上体を起こし、身体の感触を確かめる。季節はもう冬だから室温は低いはずなのに、体中はべっとりと汗をかいている。
「ハッ……ハッ……」
思い出したように息が切れた。息苦しさに拍車がかかり、浅い呼吸しか出来ない。自分が吐いた息が白い。身体が震える。あの日の恐怖が、私の身体を今、取り囲んでいる。
「……っく……ひぐっ……っく……!!」
あまりの恐怖に涙がこぼれてくる。自分の二の腕をさすり、寒さに震える身体を温めようとしたが、身体はむしろどんどん熱を失い、そしてさすればさするほど、凍えるくらい寒くなっていった。
「寒い……寒いよ……」
布団にうずくまろうと掛け布団に手をかけ、氷のように冷たい掛け布団の感触に手をひっこめた。
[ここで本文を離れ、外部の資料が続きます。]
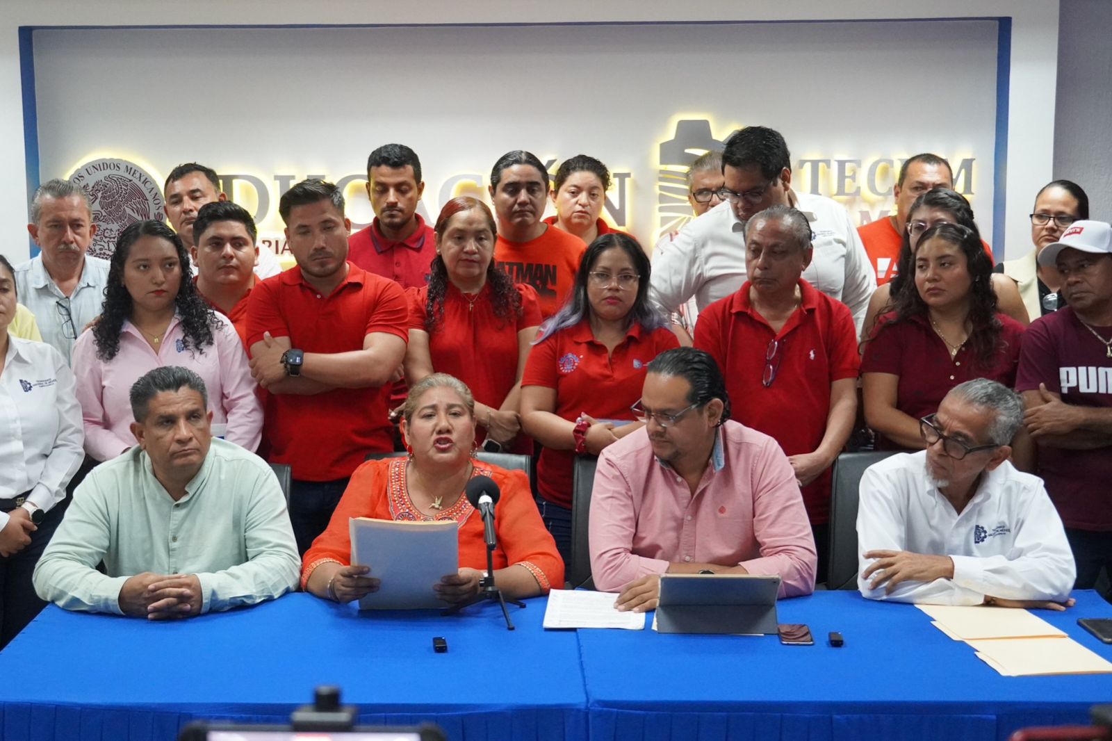 En conferencia de prensa al interior del Instituto, el profesor Iván Hernández Caballero, acompañado por el subdirector académico Jesús Tino Coleva y la jefa de departamento de Ciencias Económico Administrativas, Claudia Arias Venancio, denunciaron que existe la intención de excluir a interinos, directivos y funcionarios del proceso electoral, a pesar de que todos ellos realizan el descuento sindical de la cuota 58 de manera quincenal.

改めて、自分の周囲を見回す。私の部屋のはずなのに、この場が何か別の空間……まるで、忌まわしいあの日の海のように感じた。
「寒いよ……寒いよ、ゆきおぉ……」
布団に潜り込むことも出来ず、身体を温めることも出来なくなった無力な私は、ゆきおの名をポツリと口にした。
「ゆきお……あたいを温めて……ゆきおぉ……」
ゆきおに会いたい。ゆきおに会って、冷えきった手を温めて欲しかった。カーディガンを肩にかけてもらって、ゆきおの暖かい笑顔に、心を温めて欲しかった。
私は、凍える身体をなんとかベッドから起こし、そのまま部屋の入り口を開いて、外履きを履いて廊下に出た。